Когда я устал и смолк, кто-то поднес мне своего вина; а потом несколько критян и один родосец бросили мне монетки, медные оболы. Очевидно, они посчитали, что я этим кормлюсь.
Что ж, не самое худое призвание. Я поклонился, подобрал медяки и сел, чтобы передохнуть и подумать, о чем петь дальше.
Триерарх подошел ко мне снова.
– Отлично поешь, Питфей из Линда! Кто твой учитель?
– Моя мать, – признался я после паузы. – Эльпида из Коринфа.
Он сперва изумился, конечно. А потом сказал:
– Счастлив ты, имея такую мать. И я рад, что узнал тебя.
Когда завечерело и судно замедлило ход, я спел еще – несколько лирических песен, которые особенно любила Эльпида. Я растрогал слушателей и сам прослезился, думая о доме…
Я вернулся в трюм; поужинал сухим сыром с ячменным хлебом и водой, а потом улегся, подложив под голову плащ. Спал я крепко и без сновидений.
На другой день я опять выступал: я уже спел все песни, что знал наизусть, и начал повторяться. Но и по второму разу принимали их хорошо, даже еще лучше. Однако я отметил для себя, что знаю маловато, – надо все время пополнять свою копилку; а то и начать сочинять песни самому.
До Крита я неплохо скрасил время своим попутчикам; и сам разбогател на несколько драхм. Триерарх же проникся ко мне дружескими чувствами – и я совсем перестал в нем сомневаться.

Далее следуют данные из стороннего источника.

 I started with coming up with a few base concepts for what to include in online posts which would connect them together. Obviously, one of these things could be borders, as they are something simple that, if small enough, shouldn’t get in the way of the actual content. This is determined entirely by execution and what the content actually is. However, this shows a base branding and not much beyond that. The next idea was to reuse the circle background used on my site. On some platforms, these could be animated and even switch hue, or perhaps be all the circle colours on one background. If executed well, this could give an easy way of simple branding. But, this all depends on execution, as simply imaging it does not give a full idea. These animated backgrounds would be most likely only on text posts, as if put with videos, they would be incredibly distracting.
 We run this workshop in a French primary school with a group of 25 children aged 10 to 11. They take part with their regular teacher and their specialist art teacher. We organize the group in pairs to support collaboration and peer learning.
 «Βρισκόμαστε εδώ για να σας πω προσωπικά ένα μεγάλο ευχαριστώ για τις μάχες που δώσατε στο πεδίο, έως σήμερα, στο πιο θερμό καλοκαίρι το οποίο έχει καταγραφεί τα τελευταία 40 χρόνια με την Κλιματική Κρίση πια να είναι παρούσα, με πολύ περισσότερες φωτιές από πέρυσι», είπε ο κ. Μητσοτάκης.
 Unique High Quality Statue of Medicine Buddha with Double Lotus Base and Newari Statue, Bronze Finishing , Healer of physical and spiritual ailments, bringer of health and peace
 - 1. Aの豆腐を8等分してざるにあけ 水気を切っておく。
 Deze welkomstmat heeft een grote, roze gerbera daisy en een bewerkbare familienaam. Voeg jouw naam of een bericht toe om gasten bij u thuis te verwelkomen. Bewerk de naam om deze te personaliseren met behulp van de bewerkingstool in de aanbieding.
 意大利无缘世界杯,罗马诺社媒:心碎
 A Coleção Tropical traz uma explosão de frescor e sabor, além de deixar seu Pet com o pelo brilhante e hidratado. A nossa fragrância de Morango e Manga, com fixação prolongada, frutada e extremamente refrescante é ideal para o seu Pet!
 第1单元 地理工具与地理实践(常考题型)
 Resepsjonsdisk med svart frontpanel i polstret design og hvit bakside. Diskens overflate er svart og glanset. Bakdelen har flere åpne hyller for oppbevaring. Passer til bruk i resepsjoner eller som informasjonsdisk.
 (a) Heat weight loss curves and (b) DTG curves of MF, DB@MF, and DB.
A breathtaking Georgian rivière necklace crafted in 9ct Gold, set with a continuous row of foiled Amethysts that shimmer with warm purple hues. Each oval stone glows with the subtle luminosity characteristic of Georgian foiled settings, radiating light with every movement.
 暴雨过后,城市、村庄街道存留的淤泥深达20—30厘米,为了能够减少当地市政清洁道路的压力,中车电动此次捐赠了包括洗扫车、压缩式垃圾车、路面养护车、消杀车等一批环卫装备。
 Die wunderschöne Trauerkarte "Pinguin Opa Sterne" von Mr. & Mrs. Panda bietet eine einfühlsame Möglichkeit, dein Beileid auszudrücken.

Когда пришло время сходить на берег, Талассий велел мне:
– Подожди меня вон у той скалы. – Он показал на место в тени, в стороне от толкучки. – Я сразу же провожу тебя к моему другу и представлю ему.
Я дождался, пока миноец освободится. Потом он приблизился, дружески улыбнулся мне и сделал знак; и мы вдвоем направились в город. Очевидно, этот Критобул жил поблизости от кносского порта, что было естественно для моряка.
Мы прошли совсем немного, когда Талассий указал мне вперед, на аккуратный приземистый белый дом, к которому вела тропинка, петлявшая между кустов терновника.
– Вот здесь он и живет. Постой-ка…
Он замер. Дверь дома отворилась, и оттуда вышел критянин, очень похожий на самого Талассия: только постарше, с сединой в кучерявых волосах. С ним была высокая черноволосая девочка.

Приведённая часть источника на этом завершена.